Dr. Scott Rodeo, co-chief of sports medicine and shoulder service at the Hospital for Special Surgery in New York, and the team physician to the Super Bowl winning team, the New York Giants, sees stem cell therapy as a preferable alternative to current surgical techniques. A major clinical problem for orthopedic surgeons is the high failure rate of “tendon-to-bone” healing in many surgical procedures, which is especially problematic in torn rotator cuffs, the surgery for which often leaves the patients in constant pain and even weaker than they were before the surgery. Infection is also a common problem associated with surgery, especially on the battlefield but also among the civilian population. In 2005 alone, approximately 18,650 people in the U.S. died of staph infections that were acquired while in a hospital. Such infections can be life-threatening because they are often highly resistant to antibiotics. According to Dr. Richard Evans, Chief of Reconstructive Surgery at the University of Arkansas, “It’s an ongoing problem that’s actually getting worse. We have new organisms that are smarter than we are.” By replacing surgery altogether with stem cell therapy, doctors would be able to eliminate such risks as infections that are secondary to surgical procedures, and other related iatrogenic illnesses.

Navy Captain Dana Covey, chairman of orthopedic surgery at the Naval Medical Center in San Diego, has been deployed to Iraq twice. He and many other doctors agree that the injuries which are occurring in Iraq present a major opportunity for medical science. According to Army Major Eric Bluman, Chief of Foot and Ankle Service at the Madigan Army Medical Center at Ft. Lewis, Washington, “There’s a huge wealth of knowledge. Normally we see blunt trauma from car accidents or bike accidents. Iraq was almost like a second fellowship for me.”

Some species, such as the salamander, are well known for their ability to regenerate entire limbs from their own, naturally occurring, endogenous stem cells. Even in many mammals, the natural, spontaneous regeneration of some tissue, on a smaller scale, is known to occur. Although further development of this science is needed before it becomes a routine therapy for humans, the regenerative power of stem cells nevertheless remains an area of intense focus and study by numerous researchers around the world.

It has long been known that stem cells are found in dental pulp, not only in humans but also in other species.

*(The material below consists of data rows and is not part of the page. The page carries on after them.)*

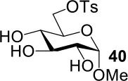 The attempt to abtain methyl 2-thio-, 4-thio- and 2, 4-thio-β-D-galactosides starting from methyl 3,6-di-OAc-β-manopyranoside 33 showed better results (Scheme 5). Substitution of 34 (the triflated product of 33) with 5.0 equiv of TBASAc in MeCN at room temperature led to a 84% yield of methyl 2,4-di-thioacetate-galactoside 35. Unexpectedly, neither intermediaite 36a (the 4-OTf of 34 substituted by thioacetate) nor intermediate 36b (the 2-OTf of 34 substituted by thioacetate) could be observed under the conditions that 1.0 equiv of TBASAc was used instead, and 35 was still obtained. Usually, 4-OTf showed higher reactivity than 2-OTf when substituted on a glycoside ring. However, the substitution of 4-OTf of 34 is disfavored due to steric hindrance of 2-OTf in this case. Once 2-OTf of 34 had been substituted by thioacetate, the substitution of 4-OTf would occur immediately due to the disappearance of the steric hindrance from 2-OTf, leading to the formation of 35. Similarly, the treatment of 34 with 1.0 equiv of TBAOAc in MeCN at room temperature mainly gave product 37. However, when this reaction was performed at 0°C, intermediate 38 was formed. Consequently, the following addition of 3 equiv of TBASAc led to 4-thioacetate galactoside 39 in 48% yield. However, the treatment of 34 with 1.0 equiv of TBASAc in MeCN at 0°C did not give intermediate 36b, but gave 35 in 38% yield. While axial triflates can be attacked directly (the antibonding orbital can be approached), the sugar ring has to adopt a different conformation to allow attack on the equatorial triflate (since the antibonding orbital is shielded by the axial substituents on the ring). Lowering the temperature thus may slow down the interconversion of the ring. Thus, the 2-OTf of 34 showed high reactivity on substitution by acetate due to the axial ttiflate leaving group. When the reaction proceeded at room temperature, the product 37 was formed immediately from the intermediate 38. However, when the reaction proceeded at 0°C, the interconversion of the sugar ring turned very slow, which thus restrained the further substitution of 4-OTf by the acetate. However, thioacetate showed much higher nucleophilicity than acetate since sulfur is a big atom and it will therefore readily have a productive overlap with the antiboding orbital. This high nucleophilicity of thioacetate flattened the difference in reactivity between 2-OTf and 4-OTf. We also proposed that a supramolecular control effect perhaps plays a key role in this process, in which an acetate ion can be accommodated at the center of the β-pyranoside face to produce an anion-carbohydrate complex (Dong et al., 2008a; Ren et al., 2014a), resulting in a higher reactivity of 2-OTf than that of 4-OTf. However, the poor or no supramolecular effect in polar solvent acetonitrile can not fully support this result.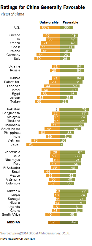 Ratings for China Generally Favorable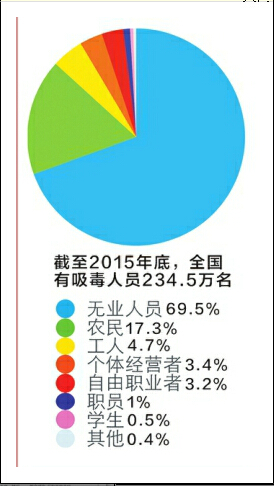 报告还指出,我国吸毒人群呈现多元化特点。在明确登记职业信息的吸毒人员中,无业人员占69.5%、农民占17.3%、工人占4.7%、个体经营者占3.4%、自由职业者占3.2%、职员占1%、学生占0.5%,其他(包括专业技术人员、企业管理人员以及公职人员、演艺界明星等)占0.4%。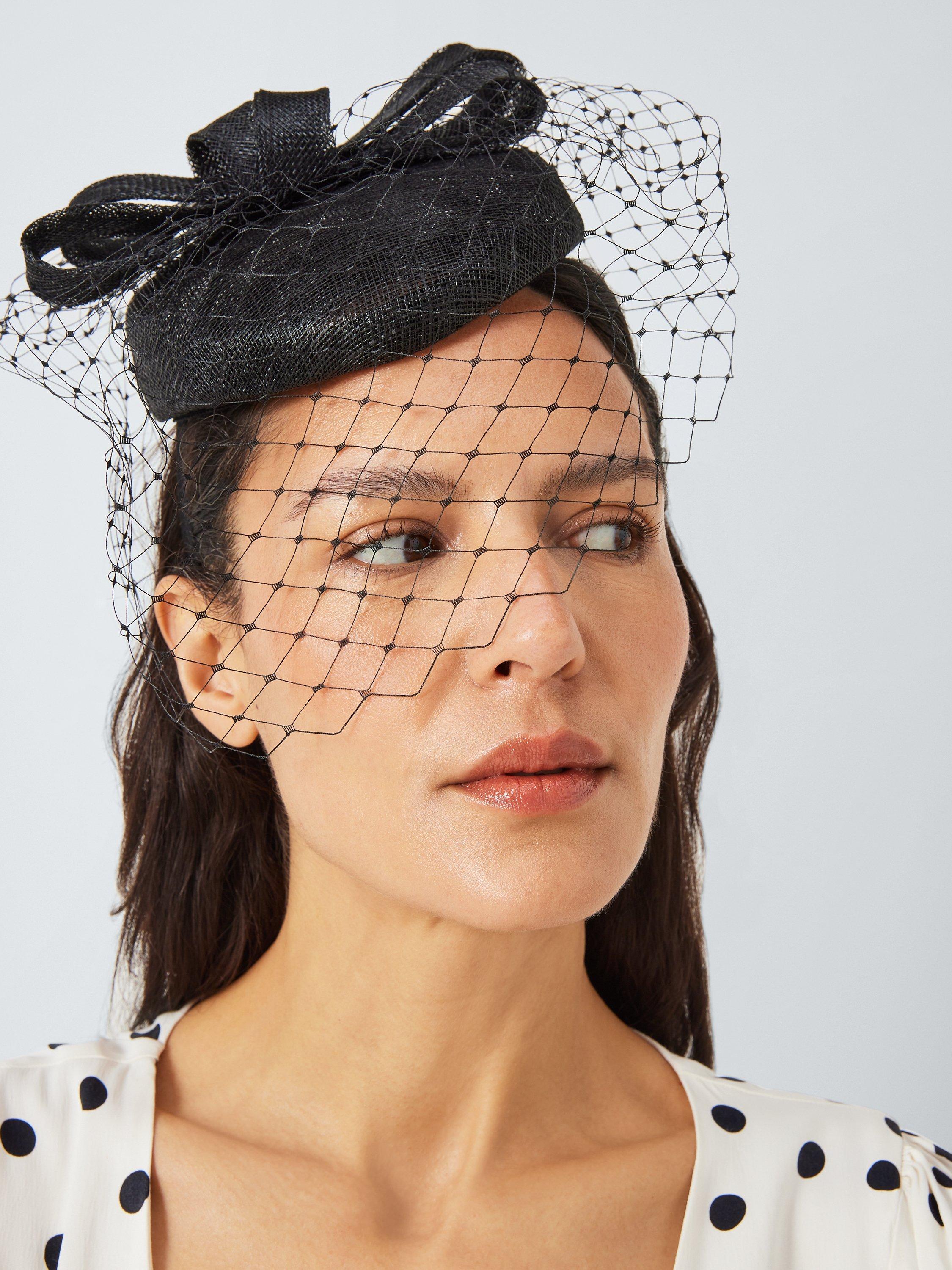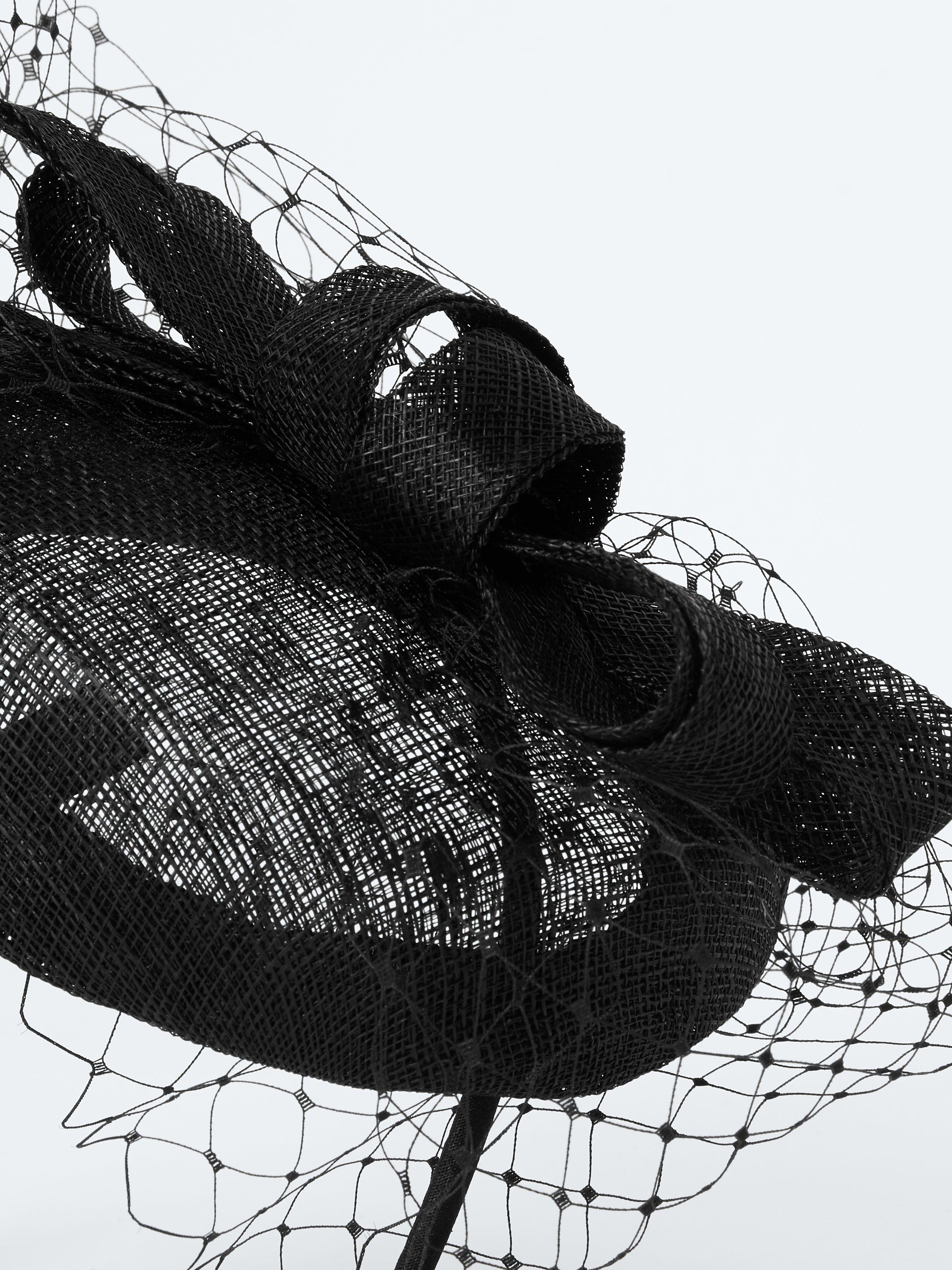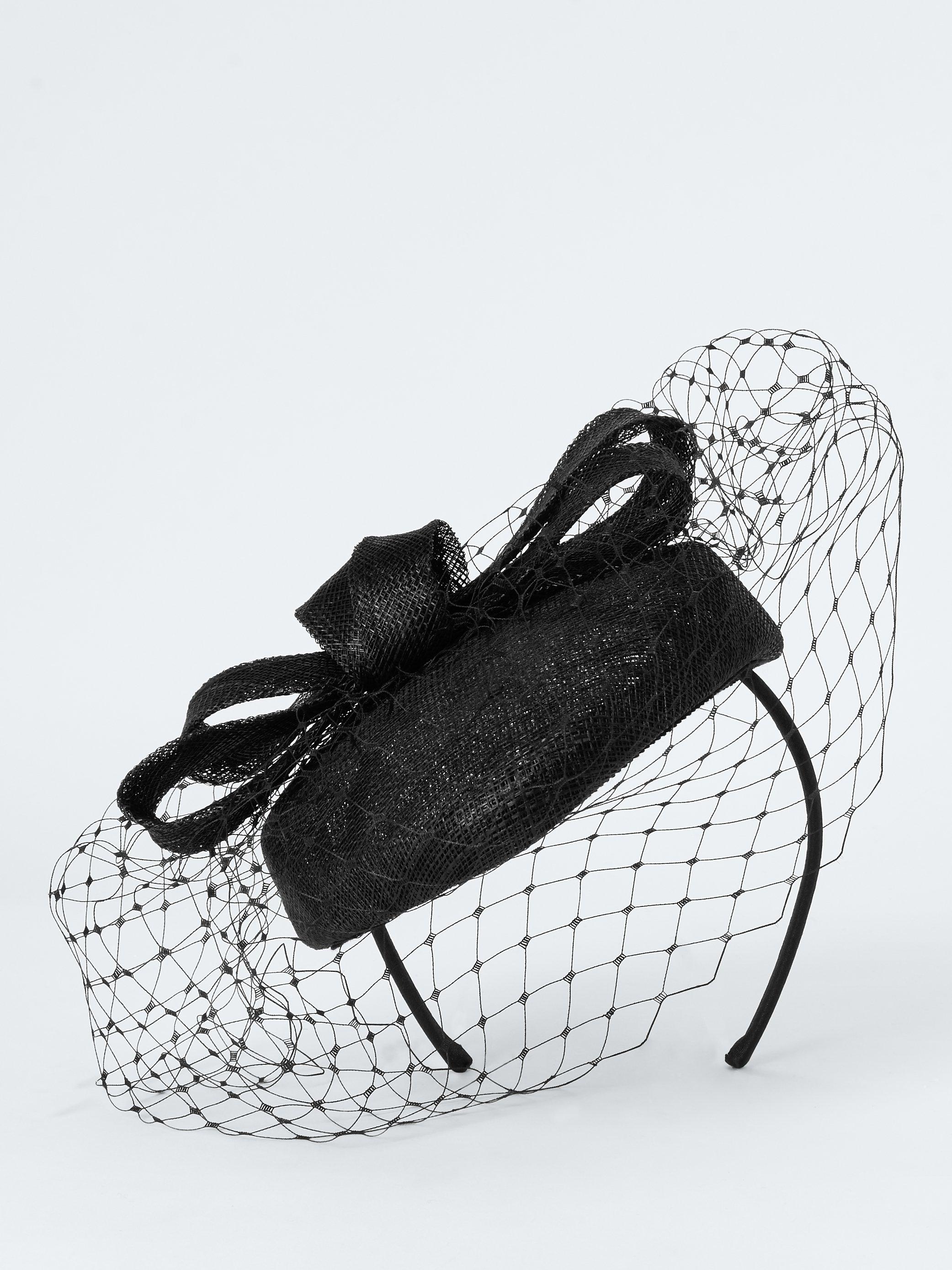 In a flattering mini pill box styling with bow texture and sophisticated veil front, this fascinator is a great choice for your next formal event.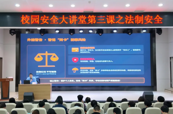 恰逢4月15日全民国家安全教育日,学校学工处、保卫工作部联合鄂州市公安局临空分局,举办法制安全主题宣讲活动。鄂州市公安局临空分局法制大队负责人何剑警官,以“案例剖析+法条解读+风险提示”的形式授课,围绕与大学生息息相关的法律法规,剖析多起涉校涉生典型案例,清晰点明大学生日常学习生活中的法律风险与行为边界,让师生明白“学法、懂法、守法”是守护自身权益的重要保障。

Now stem cells from the teeth of dogs have shown remarkable regenerative capacity.

Professor Minoru Ueda and colleagues at the Nagoya University in Japan have performed a new procedure with two sets of dogs, each set consisting of a 2-year-old adult dog and one of its 2-week-old puppies. From the dental pulp of the primary teeth of each of the puppies, stem cells were collected and differentiated into bone cells. After being mixed with plasma from the blood of the parent dogs, the new cells were then injected into holes that had been made in the jawbones of the adult dogs. One month later, in both sets of dogs, newly grown bone was found to have filled the holes, each one of which was approximately 6-tenths of an inch deep and wide.

Bone is one of the most specialized tissues of the body, in any species, and these findings not only offer an effective new therapy for the veterinary treatment of orthopedic injuries in dogs, but canine studies such as these are also translatable to potential new therapies in the treatment of orthopedic injuries in humans.